What you need to do:
Retype the lines below exactly, but only those from the line that has "公牛(BULL)空白面板 G12系列 防溅盒面板白板86型面板 G12B101 象牙白" through the line that has "100% Pass Guarantee". Omit every picture.

Entries supplied:
Segment Open
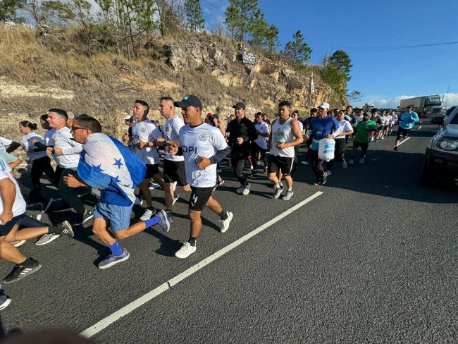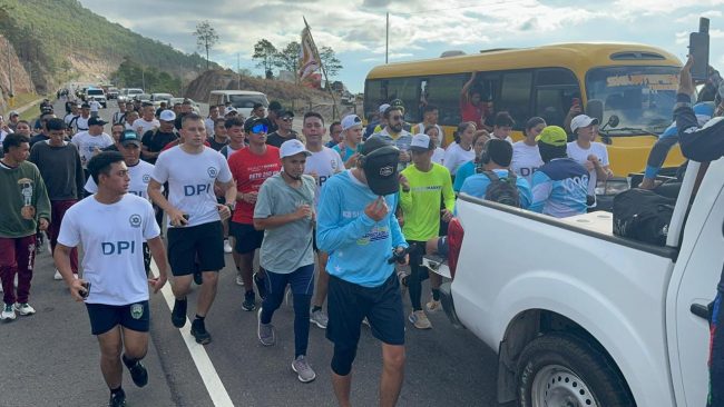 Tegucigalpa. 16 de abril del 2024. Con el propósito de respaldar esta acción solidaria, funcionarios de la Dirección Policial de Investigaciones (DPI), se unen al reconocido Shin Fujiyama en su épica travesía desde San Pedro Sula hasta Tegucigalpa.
Segment Closed
Segment Open
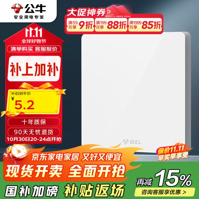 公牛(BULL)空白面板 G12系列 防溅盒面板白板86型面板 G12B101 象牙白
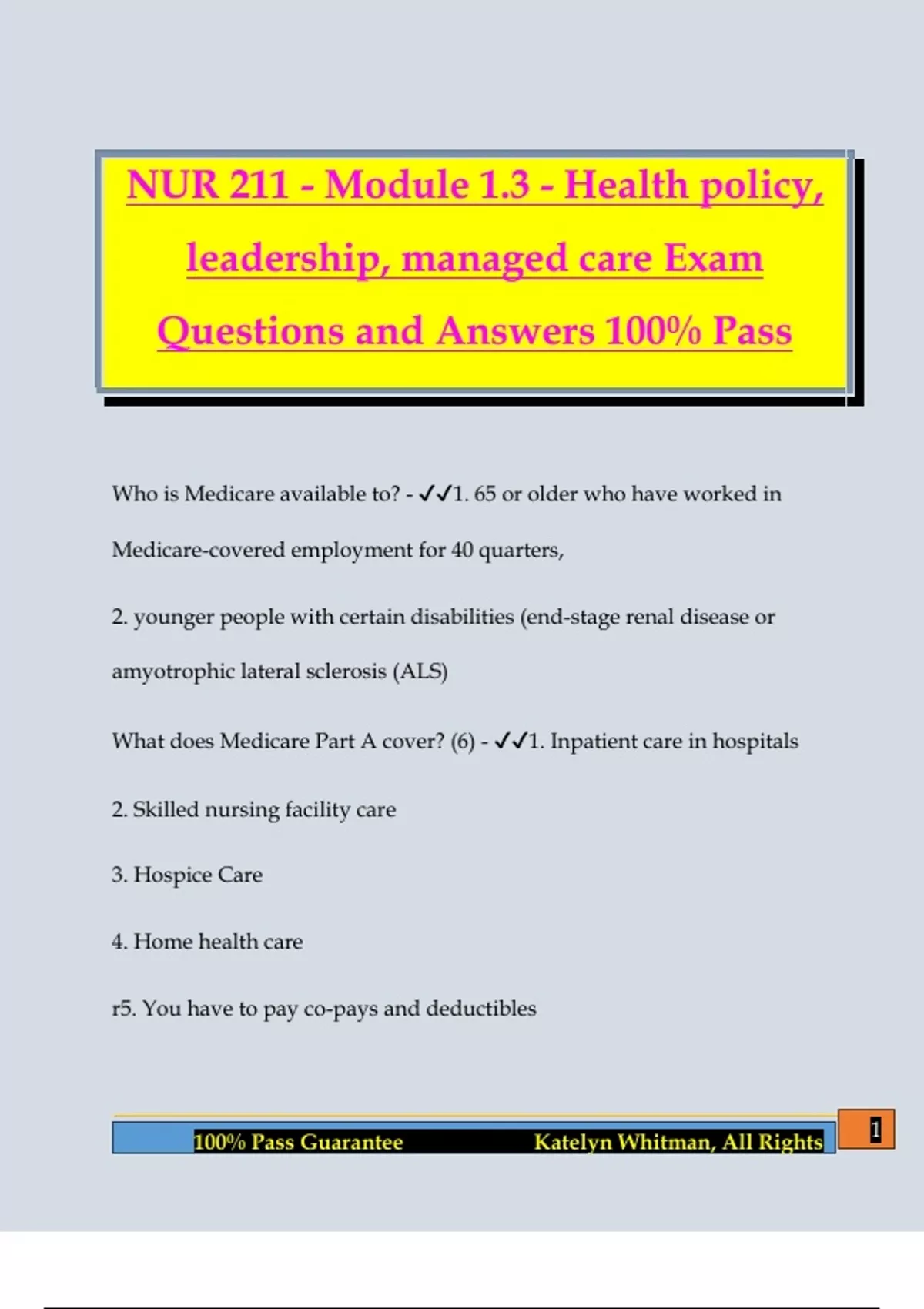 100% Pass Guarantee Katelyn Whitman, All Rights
Segment Closed
Output:
 公牛(BULL)空白面板 G12系列 防溅盒面板白板86型面板 G12B101 象牙白
 100% Pass Guarantee Katelyn Whitman, All Rights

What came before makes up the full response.